According to a 2014 study by the global network Women in Informal Employment: Globalizing and Organising (Wiego), live-in domestic workers are particularly vulnerable to abuse because they are isolated and totally under their employers’ control.
And, when these workers do face abuse, they have little recourse. “Laying a criminal charge or suing the employer in court (assuming the worker can find a way of covering the cost) is not compatible with the intimate nature of the domestic employment relationship and, in practice, will mean an end to the relationship,” the Wiego study reads.
“The law does not require this, and the worker has a legal right to remain in her job. But, in reality, this is unlikely to happen. A claim of unfair dismissal is likely to result in an order of compensation rather than reinstatement. The effect is that the worker cannot defend her rights without losing her job.”
Florence Sosiba, president of the South African Domestic Service and Allied Workers Union, said: “Domestic work is not safe. There is a lot of abuse. There is a lot of violence … As domestic workers, we stay alone. We work alone. If I was abused, it could happen left and right — my neighbour wouldn’t even know.”
United Domestic Workers of South Africa president Pinky Mashiane says she used to keep a notebook filled with complaints by domestic workers of alleged abuse by their employers. “Though not all of them will report it, it happens,” Mashiane said.
“They are experiencing violence. But most of the time, they are afraid to speak because they don’t want to lose their jobs.
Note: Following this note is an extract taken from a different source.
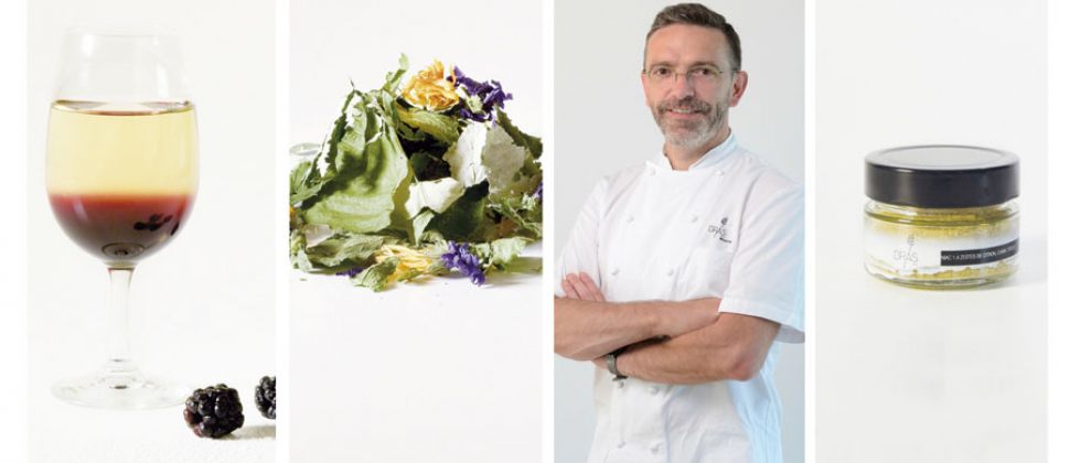 Le chef tient à ce que les cueillettes sauvages soient réalisées dans le respect des saisons et des ressources. « C’est un pur et dur de l’Aubrac qui récolte feuilles de ronce, mauve, soucis… Les plantes proviennent d’endroits secrets du plateau. Et un certain nombre pousse dans le jardin de mon père, Michel. Il en faut pour le restaurant donc il n’y en a peu », détaille-t-il. Des plantes cueillies au bon degré de floraison, travaillées de manière raisonnable et raisonnée dans le respect de l’environnement « pour continuer à grandir et exister. »

Some are single parents and breadwinners, so they try to protect their work.”
The treatment endured by domestic workers is linked to a mixture of racism, sexism and classism inherited from apartheid, Mashiane said. Domestic workers have historically been excluded from new labour rights won by South African workers during the democratic dispensation.
“Domestic work is like no other work. They work individually. If they worked in a factory, they could protest; they could strike,” Mashiane added.
“But because they are one by one, they can’t drop their work and stand outside the gates of their employers alone. They can’t say: ‘I have been abused, I am going to fight back alone’.”